PROBLEM DESCRIPTION: Please restate all of the records word for word, setting the pictures aside.

Data excerpts

• • • • •

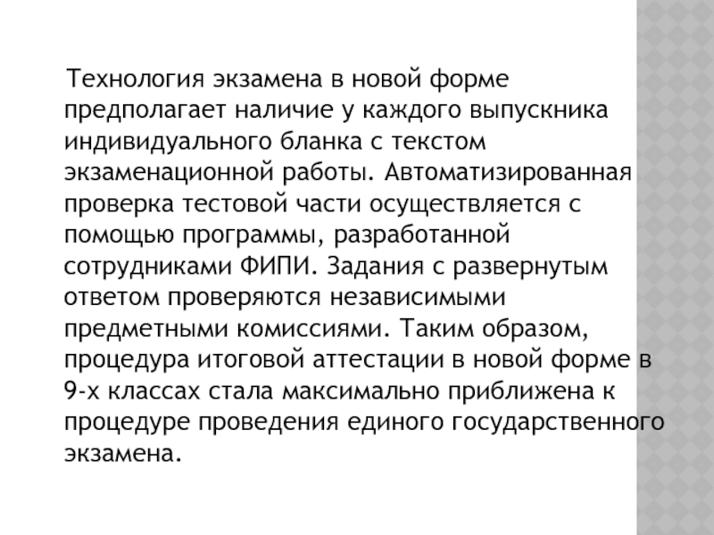 выпускника индивидуального бланка с текстом экзаменационной работы. Автоматизированная проверка тестовой части осуществляется с помощью программы, разработанной сотрудниками ФИПИ. Задания с развернутым ответом проверяются независимыми предметными комиссиями. Таким образом, процедура итоговой аттестации в новой форме в 9-х классах стала максимально приближена к процедуре проведения единого государственного экзамена.
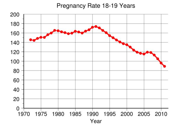 | Keywords: US Pregnancy Rate 18-19 Years.svg translate yes en Pregnancy rate per 1000 18-19 years old in the United States Data from http //www guttmacher org/pubs/USTPtrends10 pdf Table 2 3 pg 12 2015-01-23 own Delphi234 other versions Generated with Wikimedia SVG Chart SVG Chart/box cc-zero Human pregnancy |
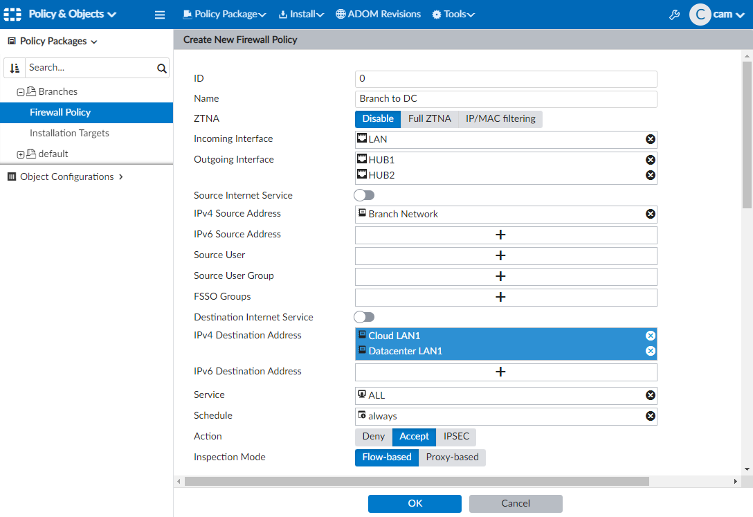 - In the HUB policy package, create a firewall policy named Branch to Datacenter:
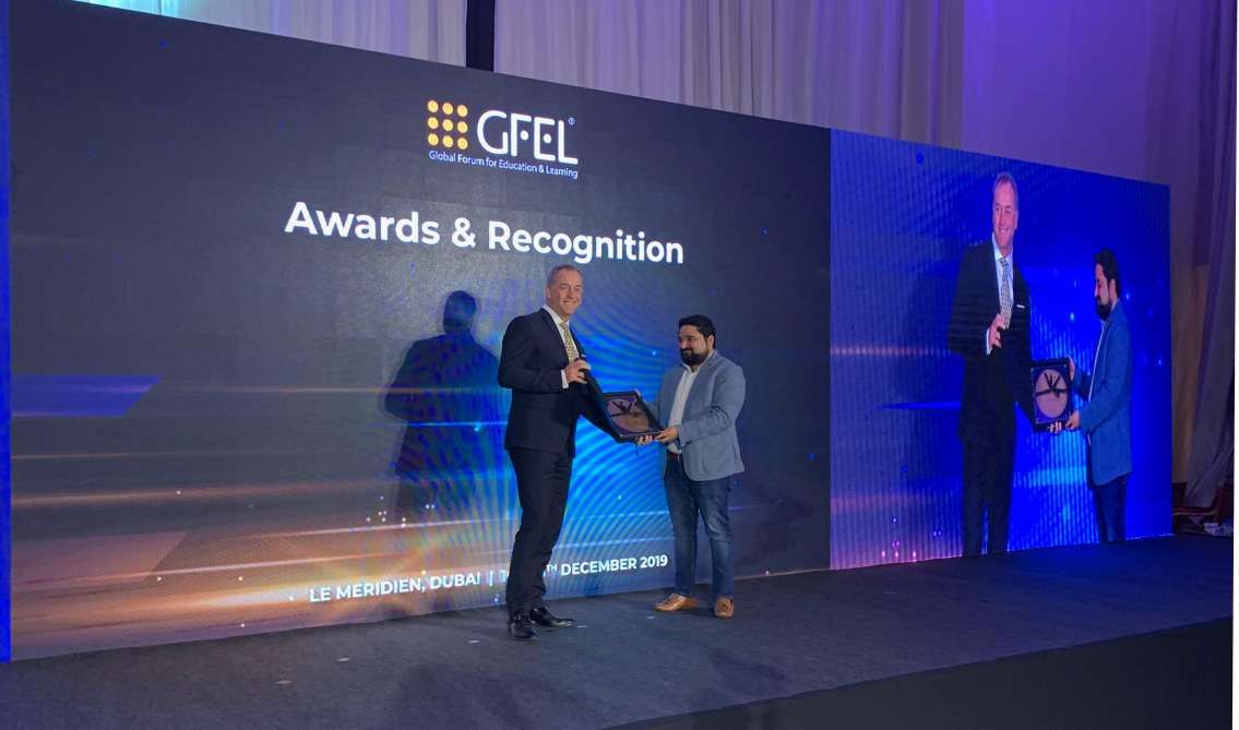 Erik Bolinder receive award at GFEL 2019 on stage in Dubai
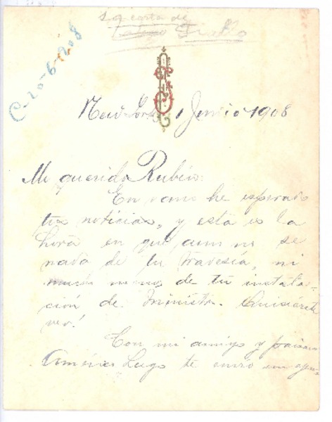 [Carta], 1904 jun. 1 Buenos Aires, Argentina <a> Rubén Darío [manuscrito] Ricardo Rojas.
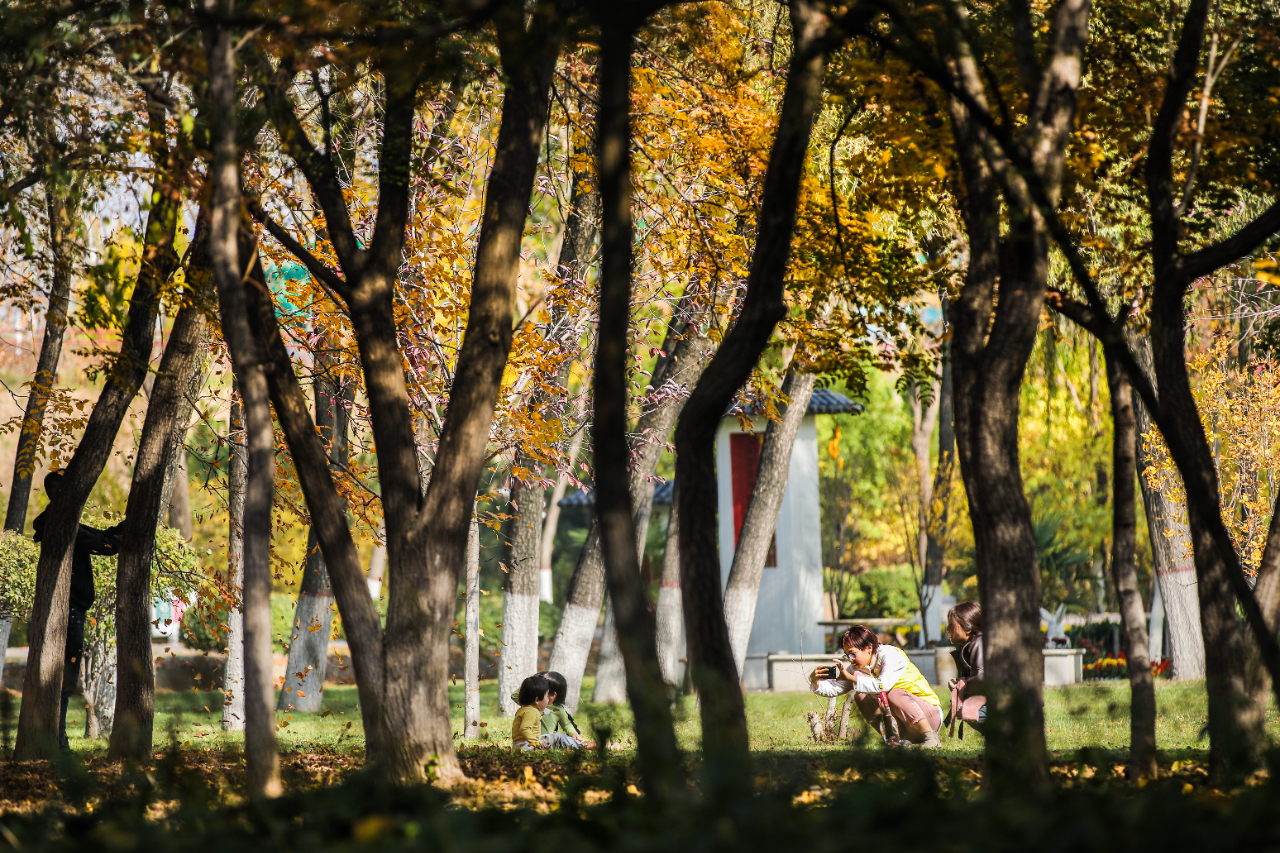 10月31日,南寨公园树影与黄叶交织,为市民呈现出一幅绚丽多彩的秋日画卷。
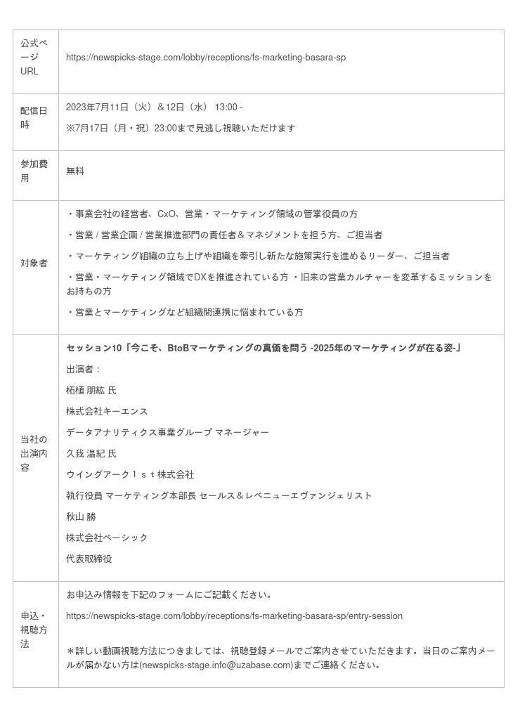 BtoBマーケティングのお困りごとをまるっと解決するサービス『ferret One(フェレットワン)』を運営する株式会社ベーシック(本社:東京都千代田区、代表取締役:秋山勝、以下「当社」)は7/11(火)、7/12(水)に株式会社ユーザベース(本社:東京都千代田区、代表者:稲垣裕介 / 佐久間衡)が運営するNewsPicks Stage.の営業&マーケティング情報番組『Marketing BASARA』に出演いたします。
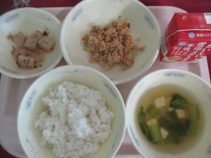給食では、色紙切りにしたこんにゃくを油でいため、だし汁・さとう・みりん・しょうゆで味付けし、最後に花かつおを加えて作りました。
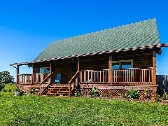 This Custom Built 3 Bed / 3.5 Bath LOG Home sits on a FLAT 6.36AC Fenced Lot with a HUGE Metal Pole Barn 30x104 (Used for Woodworking) that is FULLY Insulated (Spray Foam), Includes Spray Booth w/Blast Proof Exhaust System, AND Attached 15x46 Metal Pole Barn (Used for Offices)---Home OFFERS a Spacious 2700SF of Living Space With Many UPGRADES---1st Floor FEATURES an Eat-in Kitchen w/NEW Laminate Flooring, NEW Dishwasher, NEW Stove-Top (Not Pictured), NEWER Fridge. 1st Floor also FEATURES a Gorgeous Vaulted Ceiling in Living Room, Half Bath w/NEW Laminate AND Vanity, AND Master Suite w/NEWER Laminate, Walk-in Closet, Tiled Shower, AND Jetted Tub--- Upstairs OFFERS 2 Huge Bedrooms w/NEW Carpet, FULL Bath w/NEW Laminate AND Vanity, AND a Loft---Basement OFFERS 2 Finished Rooms (Could be 4th AND/OR 5th Bedroom), FULL Bath, Laundry Room AND Storage Area---EXTERIOR Also Features 25x31 Detached Garage---CONVENIENTLY Located Within 1hr of Lexington AND/OR Louisville, ONLY 20min to Frankfort
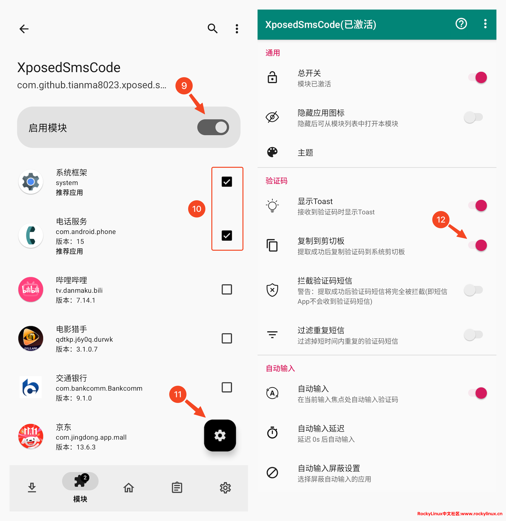 - 安装 XposedSmsCode_v2.5.1_240105_r.apk App,在 LSPosed 中激活此模块,并重启手机。
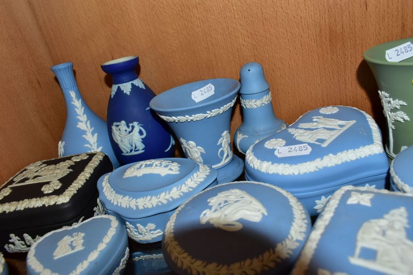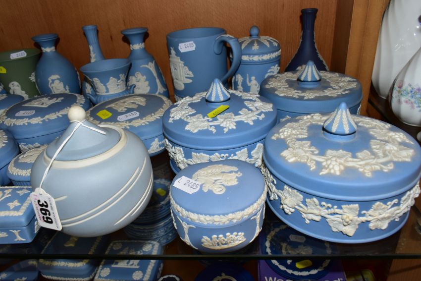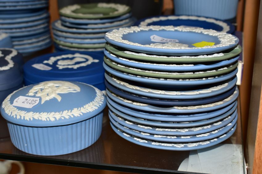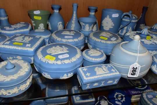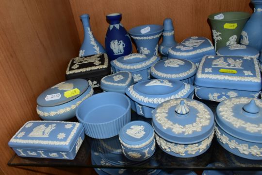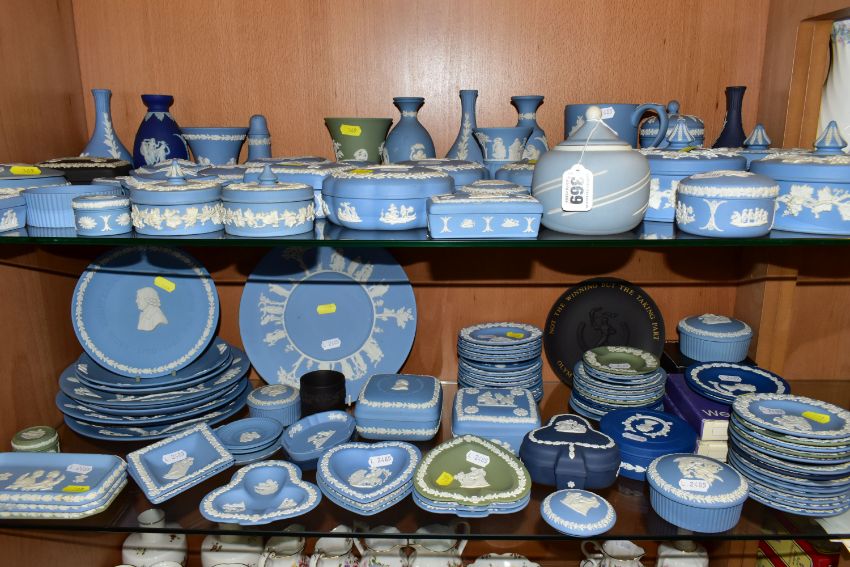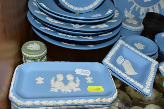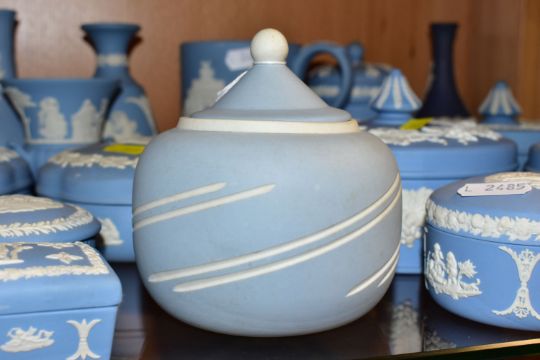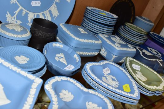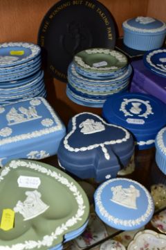 A LARGE QUANTITY OF WEDGWOOD BLUE JASPER GIFT WARE, comprising a modern pale blue lidded pot- W40100, blue Jasper Ware pots, pin dishes, bud vases and plates, black Jasper Ware pot, square lidded box, a black Jasper Ware commemorative plate for the 1972 Munich Olympics, several heart shaped blue pin dishes, spade shaped boxes and pin dishes, etc (Qty) (Condition report: no obvious damage, some older pieces would benefit from a clean)
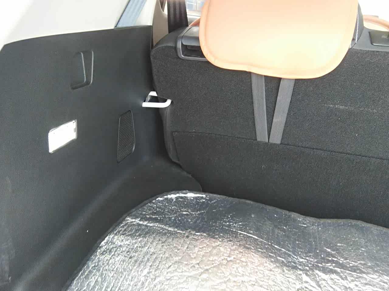后排座椅放倒的挂扣,按住上面的按钮可以脱离白色的车扣,然后放倒车后排,空间立马大了不要太多
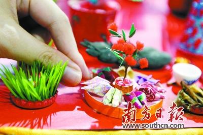 黄埔区横沙村罗氏宗祠的巧婆罗莲英是此次贡案的主要制作人之一,据介绍,所有的作品都是在昔日巧姐的回忆之下,经过大家的想象做出来的,做到了尽量贴近事实。

• • • • •

ANSWER BOX:
 выпускника индивидуального бланка с текстом экзаменационной работы. Автоматизированная проверка тестовой части осуществляется с помощью программы, разработанной сотрудниками ФИПИ. Задания с развернутым ответом проверяются независимыми предметными комиссиями. Таким образом, процедура итоговой аттестации в новой форме в 9-х классах стала максимально приближена к процедуре проведения единого государственного экзамена.
 | Keywords: US Pregnancy Rate 18-19 Years.svg translate yes en Pregnancy rate per 1000 18-19 years old in the United States Data from http //www guttmacher org/pubs/USTPtrends10 pdf Table 2 3 pg 12 2015-01-23 own Delphi234 other versions Generated with Wikimedia SVG Chart SVG Chart/box cc-zero Human pregnancy |
 - In the HUB policy package, create a firewall policy named Branch to Datacenter:
 Erik Bolinder receive award at GFEL 2019 on stage in Dubai
 [Carta], 1904 jun. 1 Buenos Aires, Argentina <a> Rubén Darío [manuscrito] Ricardo Rojas.
 10月31日,南寨公园树影与黄叶交织,为市民呈现出一幅绚丽多彩的秋日画卷。
 BtoBマーケティングのお困りごとをまるっと解決するサービス『ferret One(フェレットワン)』を運営する株式会社ベーシック(本社:東京都千代田区、代表取締役:秋山勝、以下「当社」)は7/11(火)、7/12(水)に株式会社ユーザベース(本社:東京都千代田区、代表者:稲垣裕介 / 佐久間衡)が運営するNewsPicks Stage.の営業&マーケティング情報番組『Marketing BASARA』に出演いたします。
給食では、色紙切りにしたこんにゃくを油でいため、だし汁・さとう・みりん・しょうゆで味付けし、最後に花かつおを加えて作りました。
 This Custom Built 3 Bed / 3.5 Bath LOG Home sits on a FLAT 6.36AC Fenced Lot with a HUGE Metal Pole Barn 30x104 (Used for Woodworking) that is FULLY Insulated (Spray Foam), Includes Spray Booth w/Blast Proof Exhaust System, AND Attached 15x46 Metal Pole Barn (Used for Offices)---Home OFFERS a Spacious 2700SF of Living Space With Many UPGRADES---1st Floor FEATURES an Eat-in Kitchen w/NEW Laminate Flooring, NEW Dishwasher, NEW Stove-Top (Not Pictured), NEWER Fridge. 1st Floor also FEATURES a Gorgeous Vaulted Ceiling in Living Room, Half Bath w/NEW Laminate AND Vanity, AND Master Suite w/NEWER Laminate, Walk-in Closet, Tiled Shower, AND Jetted Tub--- Upstairs OFFERS 2 Huge Bedrooms w/NEW Carpet, FULL Bath w/NEW Laminate AND Vanity, AND a Loft---Basement OFFERS 2 Finished Rooms (Could be 4th AND/OR 5th Bedroom), FULL Bath, Laundry Room AND Storage Area---EXTERIOR Also Features 25x31 Detached Garage---CONVENIENTLY Located Within 1hr of Lexington AND/OR Louisville, ONLY 20min to Frankfort
 - 安装 XposedSmsCode_v2.5.1_240105_r.apk App,在 LSPosed 中激活此模块,并重启手机。
 A LARGE QUANTITY OF WEDGWOOD BLUE JASPER GIFT WARE, comprising a modern pale blue lidded pot- W40100, blue Jasper Ware pots, pin dishes, bud vases and plates, black Jasper Ware pot, square lidded box, a black Jasper Ware commemorative plate for the 1972 Munich Olympics, several heart shaped blue pin dishes, spade shaped boxes and pin dishes, etc (Qty) (Condition report: no obvious damage, some older pieces would benefit from a clean)
后排座椅放倒的挂扣,按住上面的按钮可以脱离白色的车扣,然后放倒车后排,空间立马大了不要太多
 黄埔区横沙村罗氏宗祠的巧婆罗莲英是此次贡案的主要制作人之一,据介绍,所有的作品都是在昔日巧姐的回忆之下,经过大家的想象做出来的,做到了尽量贴近事实。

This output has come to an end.